[Collected data]
---*---
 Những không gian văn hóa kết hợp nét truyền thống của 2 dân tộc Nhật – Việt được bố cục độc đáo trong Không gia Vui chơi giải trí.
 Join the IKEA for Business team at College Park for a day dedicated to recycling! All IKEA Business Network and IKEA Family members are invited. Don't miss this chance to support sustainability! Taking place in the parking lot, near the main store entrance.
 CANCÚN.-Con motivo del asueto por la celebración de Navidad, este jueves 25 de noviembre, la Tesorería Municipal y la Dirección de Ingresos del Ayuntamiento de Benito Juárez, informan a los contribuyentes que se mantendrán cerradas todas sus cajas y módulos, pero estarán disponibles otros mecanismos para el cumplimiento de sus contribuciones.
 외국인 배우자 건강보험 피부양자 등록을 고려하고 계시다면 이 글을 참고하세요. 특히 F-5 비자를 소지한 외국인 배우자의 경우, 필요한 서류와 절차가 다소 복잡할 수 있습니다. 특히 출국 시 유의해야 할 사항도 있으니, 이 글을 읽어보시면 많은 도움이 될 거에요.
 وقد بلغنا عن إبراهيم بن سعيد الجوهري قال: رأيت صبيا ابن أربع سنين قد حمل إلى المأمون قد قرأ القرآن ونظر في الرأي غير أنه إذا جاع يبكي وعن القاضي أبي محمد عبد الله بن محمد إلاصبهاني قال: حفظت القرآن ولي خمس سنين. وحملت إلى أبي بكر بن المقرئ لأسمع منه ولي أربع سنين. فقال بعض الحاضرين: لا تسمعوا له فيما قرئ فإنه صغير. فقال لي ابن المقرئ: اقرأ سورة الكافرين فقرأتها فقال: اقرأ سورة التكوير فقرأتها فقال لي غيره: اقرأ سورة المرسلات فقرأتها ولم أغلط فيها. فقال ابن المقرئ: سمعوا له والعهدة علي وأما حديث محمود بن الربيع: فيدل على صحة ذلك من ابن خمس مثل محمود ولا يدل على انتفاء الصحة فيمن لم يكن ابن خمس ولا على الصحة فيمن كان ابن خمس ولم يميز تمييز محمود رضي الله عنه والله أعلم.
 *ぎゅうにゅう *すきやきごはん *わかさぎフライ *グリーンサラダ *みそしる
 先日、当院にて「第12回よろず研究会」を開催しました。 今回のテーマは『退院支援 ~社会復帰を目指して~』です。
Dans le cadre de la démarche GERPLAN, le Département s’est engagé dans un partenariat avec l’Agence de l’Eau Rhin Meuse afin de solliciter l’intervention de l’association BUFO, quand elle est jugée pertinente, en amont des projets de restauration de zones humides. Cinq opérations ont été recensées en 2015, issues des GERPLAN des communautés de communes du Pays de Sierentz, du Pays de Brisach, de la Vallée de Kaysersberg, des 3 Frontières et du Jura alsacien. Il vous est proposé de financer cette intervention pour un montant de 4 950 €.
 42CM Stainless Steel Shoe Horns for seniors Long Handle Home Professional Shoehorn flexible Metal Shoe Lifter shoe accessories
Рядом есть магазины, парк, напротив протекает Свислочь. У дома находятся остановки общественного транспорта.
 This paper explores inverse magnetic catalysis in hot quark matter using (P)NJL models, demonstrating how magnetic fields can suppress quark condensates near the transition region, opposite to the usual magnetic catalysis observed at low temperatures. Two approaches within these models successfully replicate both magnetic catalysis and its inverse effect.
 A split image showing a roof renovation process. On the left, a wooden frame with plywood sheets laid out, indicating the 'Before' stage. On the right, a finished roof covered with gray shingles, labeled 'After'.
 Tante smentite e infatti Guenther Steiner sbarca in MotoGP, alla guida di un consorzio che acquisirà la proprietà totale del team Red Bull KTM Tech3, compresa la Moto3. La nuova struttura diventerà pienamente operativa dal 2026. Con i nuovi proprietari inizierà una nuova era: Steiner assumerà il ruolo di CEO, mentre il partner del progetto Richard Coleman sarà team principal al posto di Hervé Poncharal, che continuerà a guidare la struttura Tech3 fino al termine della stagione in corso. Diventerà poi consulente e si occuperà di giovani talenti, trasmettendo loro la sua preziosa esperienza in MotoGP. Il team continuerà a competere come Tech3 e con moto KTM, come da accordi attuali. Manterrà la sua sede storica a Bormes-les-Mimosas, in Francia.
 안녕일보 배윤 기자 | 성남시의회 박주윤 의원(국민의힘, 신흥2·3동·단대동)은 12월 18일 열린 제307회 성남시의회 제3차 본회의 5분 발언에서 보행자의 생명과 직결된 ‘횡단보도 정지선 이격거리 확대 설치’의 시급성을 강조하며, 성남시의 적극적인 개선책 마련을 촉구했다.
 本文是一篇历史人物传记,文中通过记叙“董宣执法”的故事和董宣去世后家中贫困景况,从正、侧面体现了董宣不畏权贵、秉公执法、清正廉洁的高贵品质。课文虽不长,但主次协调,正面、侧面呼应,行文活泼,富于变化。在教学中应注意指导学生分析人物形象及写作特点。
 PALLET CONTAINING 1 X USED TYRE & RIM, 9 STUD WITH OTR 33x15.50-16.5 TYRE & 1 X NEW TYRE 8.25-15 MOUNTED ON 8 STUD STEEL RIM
---*---
→ YOUR GOAL:
Repeat the lines from the first one in the records through the line containing "Join the IKEA", exactly as written, and nothing else.

→ YOUR RESPONSE:
 Những không gian văn hóa kết hợp nét truyền thống của 2 dân tộc Nhật – Việt được bố cục độc đáo trong Không gia Vui chơi giải trí.
 Join the IKEA for Business team at College Park for a day dedicated to recycling! All IKEA Business Network and IKEA Family members are invited. Don't miss this chance to support sustainability! Taking place in the parking lot, near the main store entrance.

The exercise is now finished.